We’re talking about recipes like vinegar and salt, which can be used to polish brass. And for an all-purpose cleaner and deodoriser, just combine baking soda and warm water.
Need to remove pesky water rings? Non-gel toothpaste (i.e., the white parts) and baking soda will do the trick. You can find tons more DIY recipes all over the Internet.
No, playing at pre-ball Cinderella isn’t the point here. Making your own cleaning products using all natural ingredients can easily slash your household bills by tens of dollars.
More importantly, avoiding commercial cleaners can reduce your chances of suffering irritation or allergic reactions, saving you from a dermatologist bill. And perhaps best of all, it’s gentler on Mother Earth.

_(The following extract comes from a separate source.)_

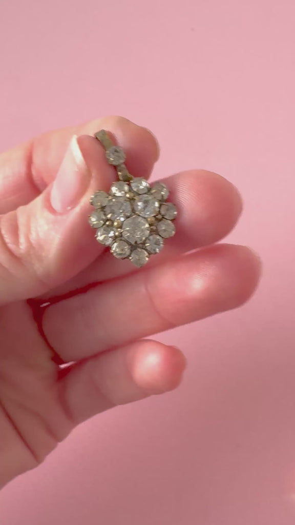 This delicate Victorian pendant is a charming example of late 19th-century jewellery, dating to c.1880s–1890s. It features a cluster of sparkling paste stones set into a warm brass mount, arranged in a classic floral formation designed to catch the light from every angle. This style was especially popular in the late Victorian period, prized for its brilliance and romantic appeal.

6. Make your own coffee or tea
No task is more Herculean — or routine — than fighting off the mid-afternoon sleep attacks that begin just as that pesky report is due. Craving just a few more hours of energy to make it through the day, we dutifully scrounge up a couple of dollars for that cup of cold brew.
But other than the privilege of worshipping at the altar of commercialism, there’s really no reason to fork out the equivalent of two hawker centre meals just for a pick-me up, especially when you can brew your very own coffee or tea right at home.
The equipment you need (really nothing more complicated that a container with some sorta net) can be easily bought for the price of two or three cups of that fancy beverage, but you’ll soon be saving so much money you’ll forget this embarrassment ever happened.
7. Learn to love the crock-pot
Some things bear repeating because it’s true. Learning to cook your own meals can save you significant amounts of money, replacing expensive lunches and food delivery meals with more reasonably priced options.
And with fancy equipment like sous-vide circulators, going home cooked doesn’t mean giving up restaurant quality meals.
But our mothers were already producing melt-off-the-bone dishes more delicate than a Frenchman’s cheeks long before sous-vide ever entered the common vernacular. And all she had was the humble crock-pot.
Because sous-vide is nothing but cooking food at low heat over a long period, a slow cooker can give you the same delectable results. Simply look up some recipes, throw together the ingredients in a heavy-bottomed slow cooker, crank it on and let time do its thing.
You’ll save money and enjoy delicious, convenient one-pot meals at the same time.
8. Check before you buy
With Amazon now big enough to set entire cities’ hearts aflutter just by looking in their general direction, it’s clear that online shopping is the new normal.
When you have the ability to buy everything that you need (and more than an item or two you don’t) with just a few taps, how can you not indulge in your favourite cyber sales?
Online shopping is perfect for impulse buys. But that’s also the easiest way to fritter away your hard-earned money, especially when what you ordered turns out to be a dud (avoid that, and check out the best deals for 2019 here).
Yes, you can (and should) check the reviews, but how do you know they’re not generated by some spam bot?
Easy. Run the feedback through websites like ReviewMeta.com, which analyses the reviews on an e-commerce site to tell you if they’re real and trustworthy. That way, you can make sure that 34th pair of crystal-studded slippers is really as comfy as rumoured.